**Work instruction**. Exact reproduction of the listing is required. Pictures are not reproduced.

**Given information**.
BEGIN

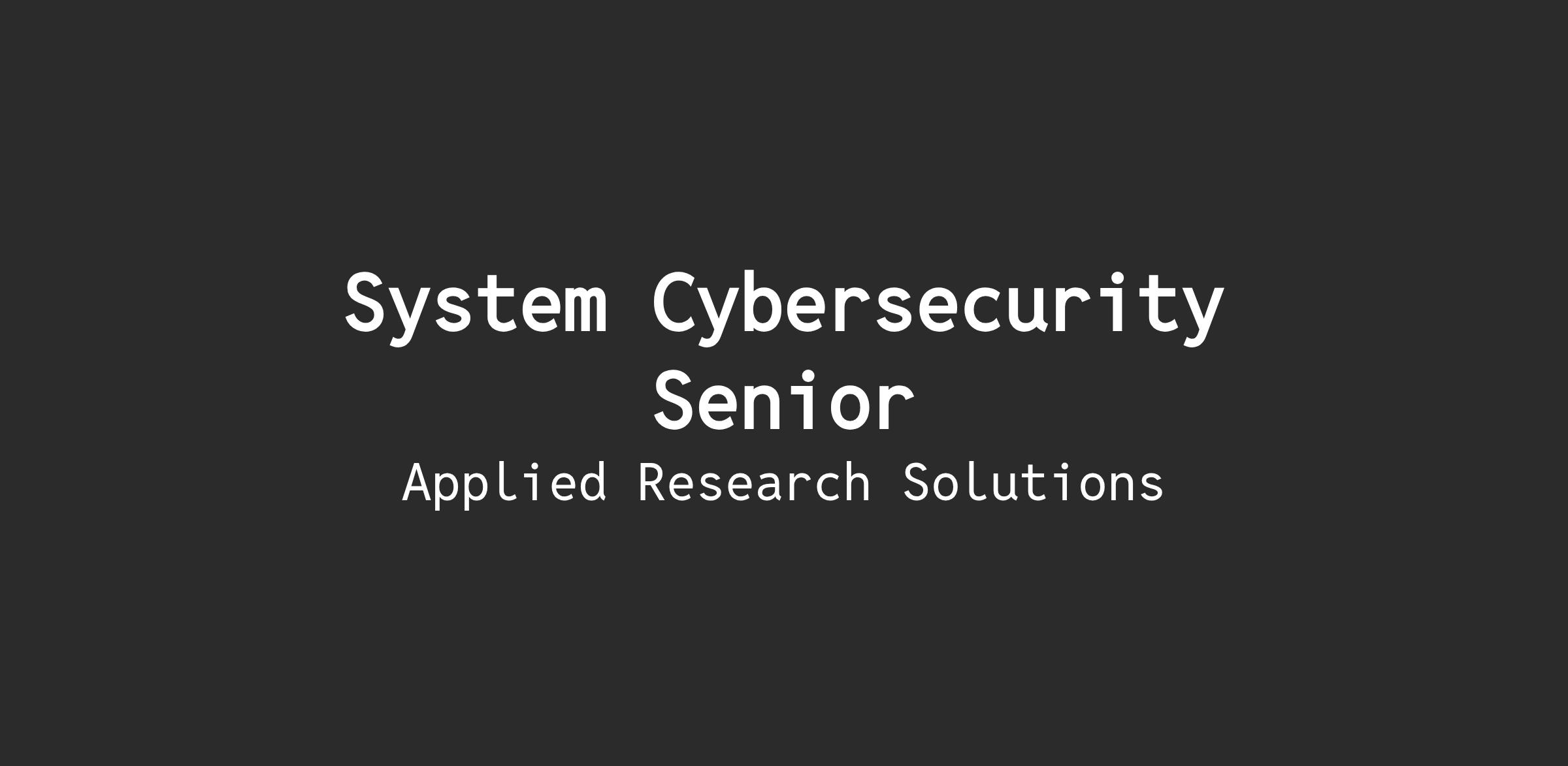 Applied Research Solutions is seeking a full-time System Cybersecurity III at Lackland AFB-San Antonio, TX
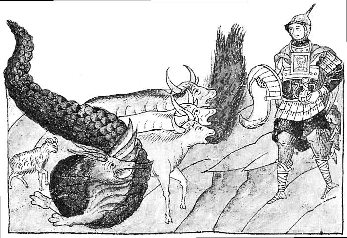 Драконы остаются в тени человеческих поступков и в важном для русской культуры XVIII в. переводном тексте античного происхождения – «Мифологической библиотеке» Псевдо-Аполлодора, который был переведен, дополнен разнообразными комментариями и издан в 1725 г. В этом обширном собрании античных сюжетов о богах, Геракле, Персее, аргонавтах и других героях неоднократно рассказывается, как наказанные богами цари «предложили» (то есть отдали) своих дочерей на съедение чудовищу, однако ни битвы, ни облик чудовищ совершенно не интересуют ни автора, ни переводчика. Сообщается лишь о намерении принести жертву, а затем – о последствиях спасения девы Гераклом или Персеем. Все эти однотипные монстры переведены как киты. Кит, угрожающий Гессионе, даже ничтожен по сравнению с грозным соперником Георгия Победоносца. Он представляется как некий крокодил, «занесенный» половодьем, который, правда, гоняется за прохожими с известной целью.
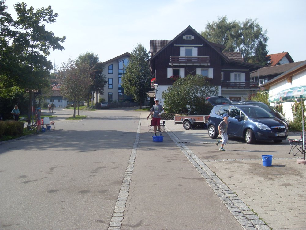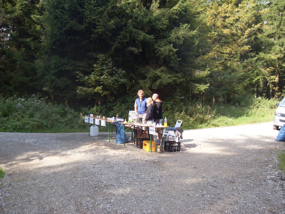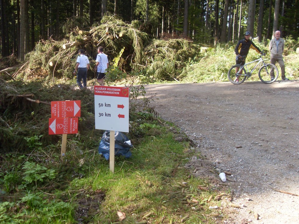 | ...... Ermengerst erreicht Km46, da wir nach hinten freie Luft haben, können wir uns am Tisch reichlich und ohne Zeitdruck bedienen, Kopf noch kühlen und weiter durchs Dorf und hinein, eher hinauf in die Wildniss..... |
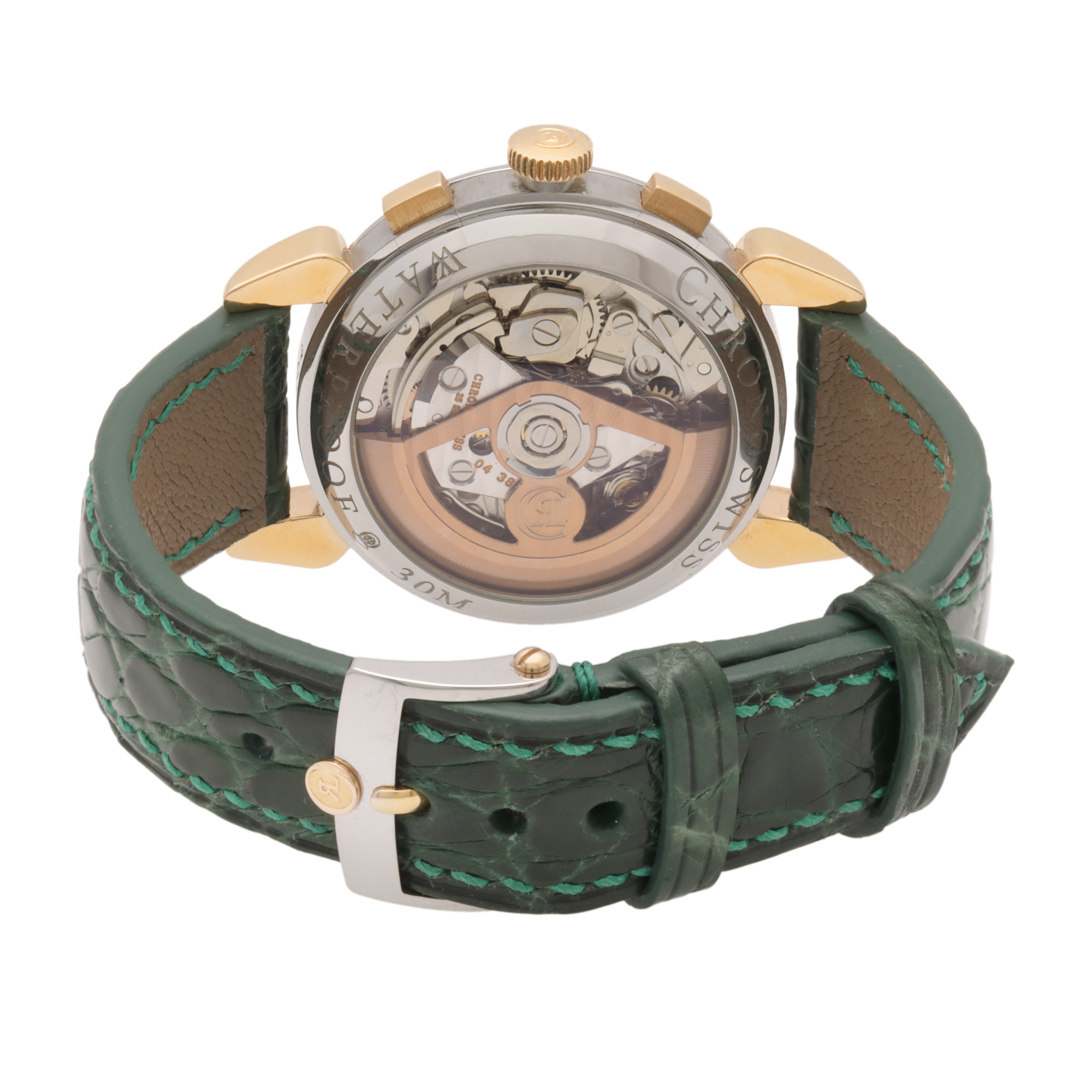 Ceas Chronoswiss Klassik, din aur și oțel, de mână, bărbătesc, referință 7404. Mecanism automatic, calibrul 7750, cu funcție de chronograph, anterior vitrat. Cadran de culoare auriu, indici aplicați cu numerale romane pentru orele 1, 5, 7, 11, indici aplicați cu puncte pentru orele 2, 4, 8, 10, cu două registre pentru funcția de chronograph în dreptul orelor 12 și 6, un registru pentru dată în dreptul orei 3 și un registru pentru secundar în dreptul orei 9. Curea adăugată aftermarket, cu închizățoare originală.
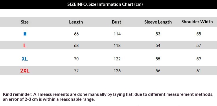 1. Asian sizes are 1 to 2 sizes smaller than European and American people. Choose the larger size if your size between two sizes. Please allow 2-3cm differences due to manual measurement. 2. Please check the size chart carefully before you buy the item, if you don't know how to choose size, please contact our customer service. 3.As you know, the different computers display colors differently, the color of the actual item may vary slightly from the following images.
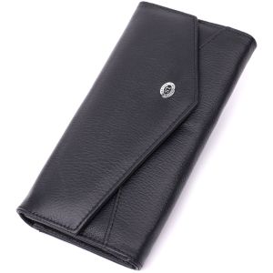 Шкіряний жіночий гаманець з геометричним клапаном ST Leather 22546 чорний

END

**The answer**.
 Applied Research Solutions is seeking a full-time System Cybersecurity III at Lackland AFB-San Antonio, TX
 Драконы остаются в тени человеческих поступков и в важном для русской культуры XVIII в. переводном тексте античного происхождения – «Мифологической библиотеке» Псевдо-Аполлодора, который был переведен, дополнен разнообразными комментариями и издан в 1725 г. В этом обширном собрании античных сюжетов о богах, Геракле, Персее, аргонавтах и других героях неоднократно рассказывается, как наказанные богами цари «предложили» (то есть отдали) своих дочерей на съедение чудовищу, однако ни битвы, ни облик чудовищ совершенно не интересуют ни автора, ни переводчика. Сообщается лишь о намерении принести жертву, а затем – о последствиях спасения девы Гераклом или Персеем. Все эти однотипные монстры переведены как киты. Кит, угрожающий Гессионе, даже ничтожен по сравнению с грозным соперником Георгия Победоносца. Он представляется как некий крокодил, «занесенный» половодьем, который, правда, гоняется за прохожими с известной целью.
 | ...... Ermengerst erreicht Km46, da wir nach hinten freie Luft haben, können wir uns am Tisch reichlich und ohne Zeitdruck bedienen, Kopf noch kühlen und weiter durchs Dorf und hinein, eher hinauf in die Wildniss..... |
 Ceas Chronoswiss Klassik, din aur și oțel, de mână, bărbătesc, referință 7404. Mecanism automatic, calibrul 7750, cu funcție de chronograph, anterior vitrat. Cadran de culoare auriu, indici aplicați cu numerale romane pentru orele 1, 5, 7, 11, indici aplicați cu puncte pentru orele 2, 4, 8, 10, cu două registre pentru funcția de chronograph în dreptul orelor 12 și 6, un registru pentru dată în dreptul orei 3 și un registru pentru secundar în dreptul orei 9. Curea adăugată aftermarket, cu închizățoare originală.
 1. Asian sizes are 1 to 2 sizes smaller than European and American people. Choose the larger size if your size between two sizes. Please allow 2-3cm differences due to manual measurement. 2. Please check the size chart carefully before you buy the item, if you don't know how to choose size, please contact our customer service. 3.As you know, the different computers display colors differently, the color of the actual item may vary slightly from the following images.
 Шкіряний жіночий гаманець з геометричним клапаном ST Leather 22546 чорний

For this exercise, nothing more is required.